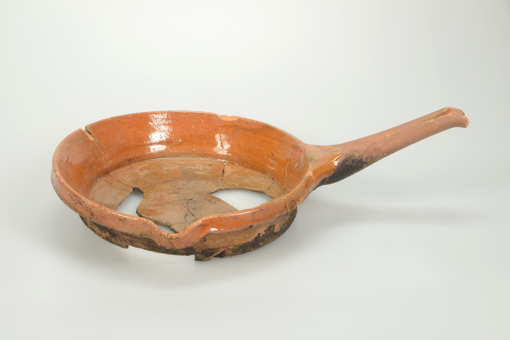 Steelpan; r-bak-4; bakpan met zijwand en kraagrand; roodbakkend aardewerk; inwendig loodglazuur; steel; schenklip; onderzijde beroet
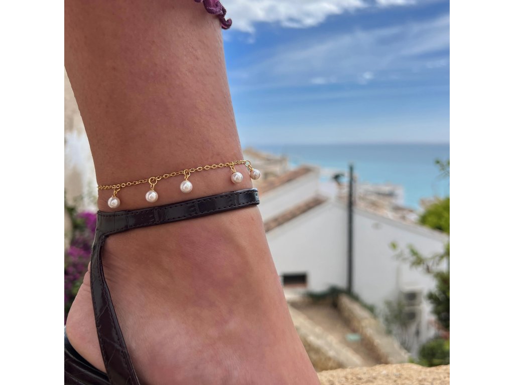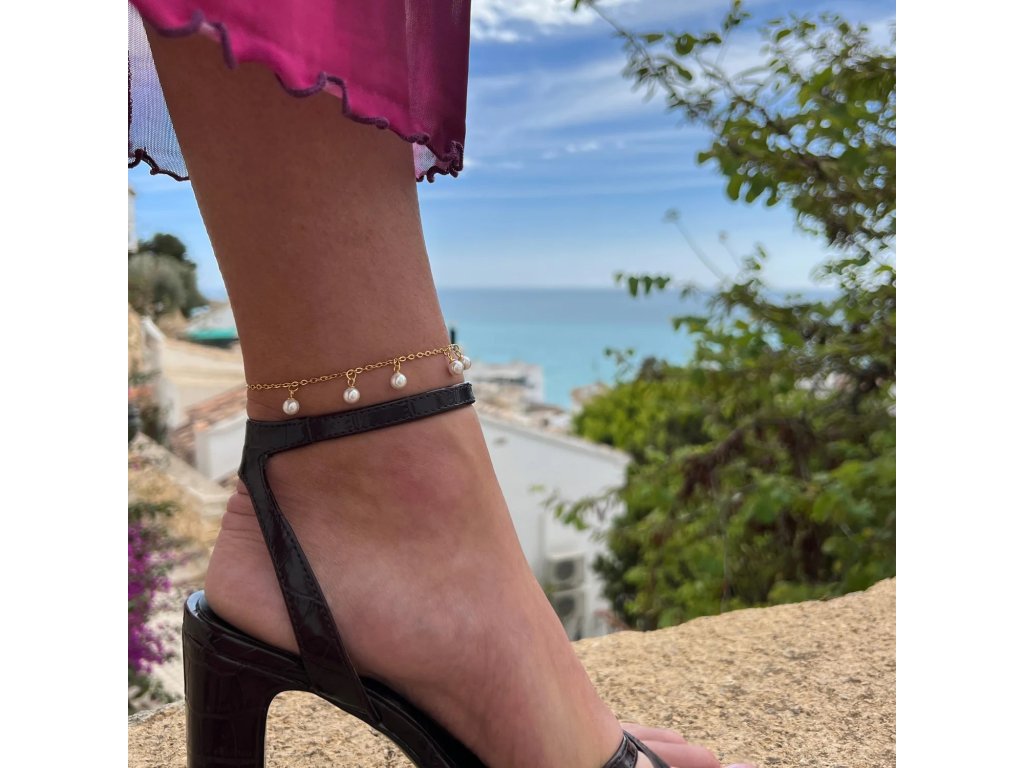 Pearl Drop – náramek na nohu, který propojuje jemný pohyb perel s přirozenou elegancí.
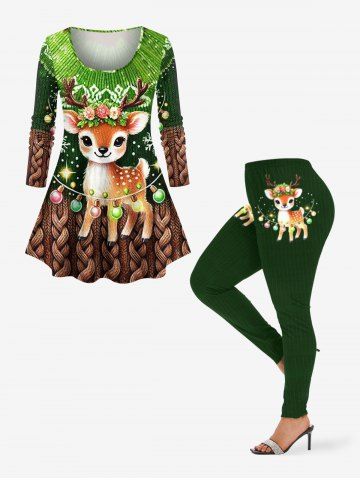 Plus Size Christmas Light Elk Flowers Snowflake Cable Knit 3D Print Long Sleeves T-shirt - Green - 5x
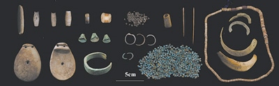 西藏康馬瑪不錯遺址第二期出土的遺物(石質、骨質、金屬裝飾品,骨針、滑石珠、紅玉髓等)。
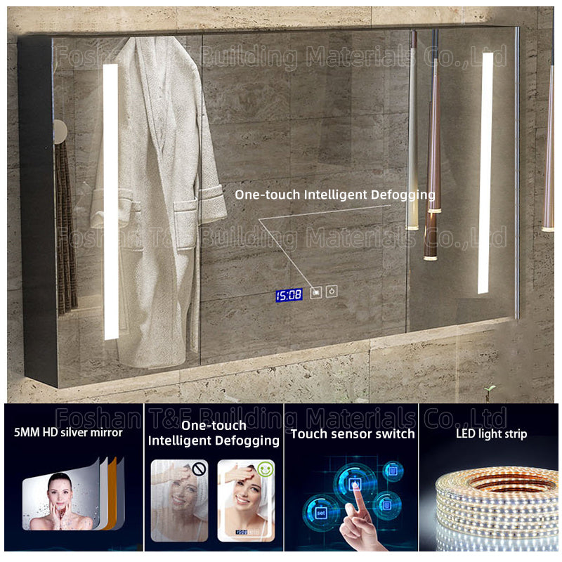 Smart LED Mirror – Defogger, time display, and soft light touch controls.
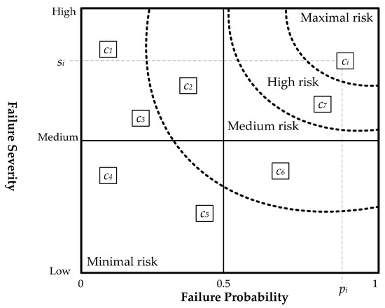 ci stands for a failure criticality determined as a function of fuzzy variables φ, ci = φ (pi,si);
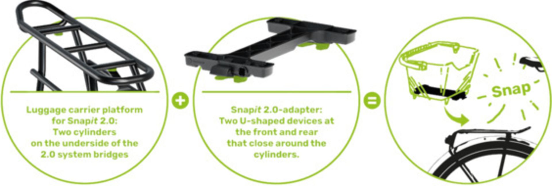 Mit SNAPIT 2.0 gelingt es, einfach und sicher eine Vielzahl an racktime-Zubehör zuverlässig auf dem racktime 2.0-Gepäckträger anzubringen. Diesen Luxus können nun auch alle erleben, die bislang noch keinen racktime 2.0-Gepäckträger besitzen. Schnell montiert verwandelt SNAPIT 2.0 CONNECT selbst die unscheinbarsten Gepäckträger zu Systemträgern, die man im Alltag nicht mehr missen möchte.

### Requirement
Set down exactly the lines from the start of the records through the line containing "Smart LED Mirror", both included, and omit the pictures.

### Solution for this task
 Steelpan; r-bak-4; bakpan met zijwand en kraagrand; roodbakkend aardewerk; inwendig loodglazuur; steel; schenklip; onderzijde beroet
 Pearl Drop – náramek na nohu, který propojuje jemný pohyb perel s přirozenou elegancí.
 Plus Size Christmas Light Elk Flowers Snowflake Cable Knit 3D Print Long Sleeves T-shirt - Green - 5x
 西藏康馬瑪不錯遺址第二期出土的遺物(石質、骨質、金屬裝飾品,骨針、滑石珠、紅玉髓等)。
 Smart LED Mirror – Defogger, time display, and soft light touch controls.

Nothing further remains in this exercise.